Since a⋆b is defined for all a,b∈G, ⋆ is well defined, and G is closed under ⋆, thus ⋆ is a well defined binary operation.
Associativity:
(a⋆b)⋆c=(a+b-⌊a+b⌋)+c-⌊(a+b-⌊a+b⌋)+c⌋
=a+(b+(-⌊a+b⌋)+c)-⌊a+(b+(-⌊a+b⌋)+c)⌋ (group axiom (i))
=a+(b+c+(-⌊a+b⌋))-⌊a+(b+c+(-⌊a+b⌋))⌋ (ring axiom (i))
=a+(b+c-⌊a+b⌋)-⌊a+(b+c-⌊a+b⌋)⌋
=a+(b+c-⌊c+b⌋)-⌊a+(b+c-⌊c+b⌋)⌋ (a=c by transitivity of ⋆ because a⋆b and b⋆c)

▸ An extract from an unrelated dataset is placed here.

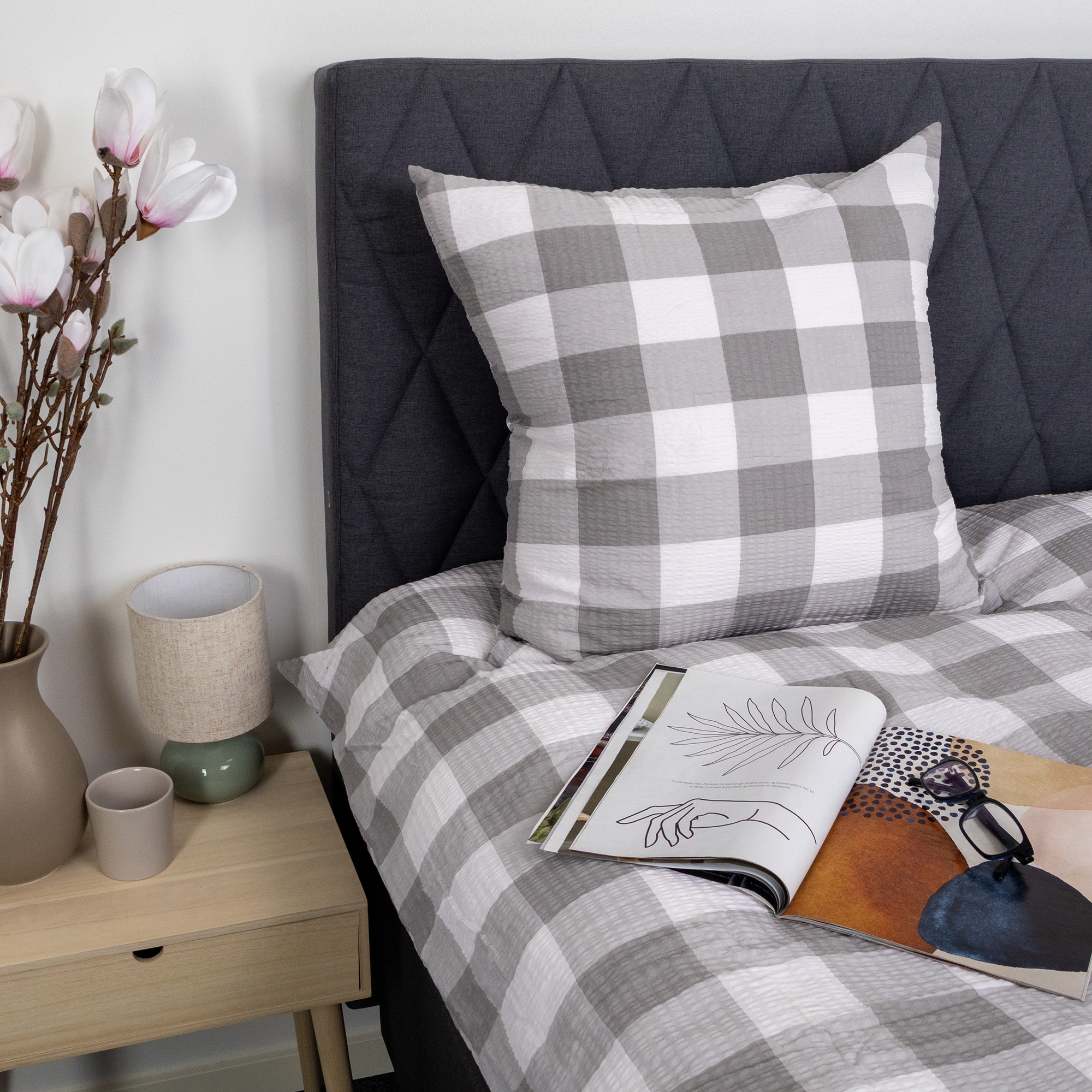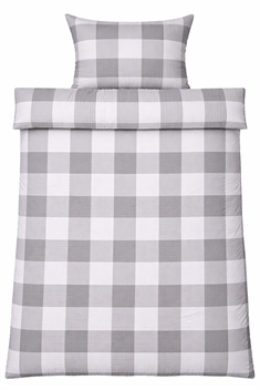 Dekbedovertrek en kussensloop sluiten met een rits, wat het makkelijk maakt om het beddengoed te wisselen en zowel dekbed als kussen de hele nacht veilig op hun plaats houdt. Het geruite design in wit en grijs geeft een rustig en tijdloos uiterlijk dat goed past in zowel moderne als klassieke slaapkamers.
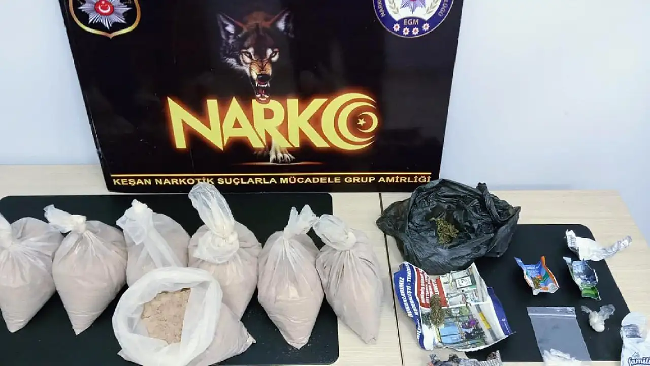 Edirne'nin Keşan ilçesinde bir evin kömürlüğünde yapılan aramada 6 kilo 400 gram eroin ele geçirildi, 2 kişi gözaltına alındı.

=a+(b+c-⌊b+c⌋)-⌊a+(b+c-⌊b+c⌋)⌋ (ring axiom (i))
=a⋆(b⋆c)
Identity:
0⋆a=a⋆0 (see “Symmetric”)
=a+0-⌊a+0⌋
=a-⌊a⌋ (group axiom (ii))
=a-0 or =a-1
=a+(-0) or =a-1
=a+(-1)0 (Proposition 7.1(4)) or =a-1
⇒a=a-1 (Proposition 7.1(1)) (1)
Thus, subracting a from both sides of (1) yields 0=-1. Substituting 0=-1 into equation (1) gives that a=a and therefore 0⋆a=a⋆0=a as desired.
Inverses:
Let d∈G-{0} and note that 1-d∈G-{0} for all d∈G-{0}. The “Identity” section shows that the inverse of 0 is 0.
(1-d)⋆d=d⋆(1-d) (see “Symmetric”)
=d+(1-d)-⌊d+(1-d)⌋
=d+(1+(-d))+(-⌊d+(1+(-d))⌋)
=d+((-d)+1)+(-⌊d+((-d)+1)⌋) (ring axiom (i))
=d+(-d)+1+(-⌊d+(-d)+1⌋) (Proposition 1.1(5))
=0+1+(-⌊0+1⌋) (group axiom (iii))
=1+(-⌊1⌋) (group axiom (ii))
=1+(-1)
=0 (group axiom (iii))
Abelian:
See “Symmetric.”
Hence (G,⋆) is an abelian group.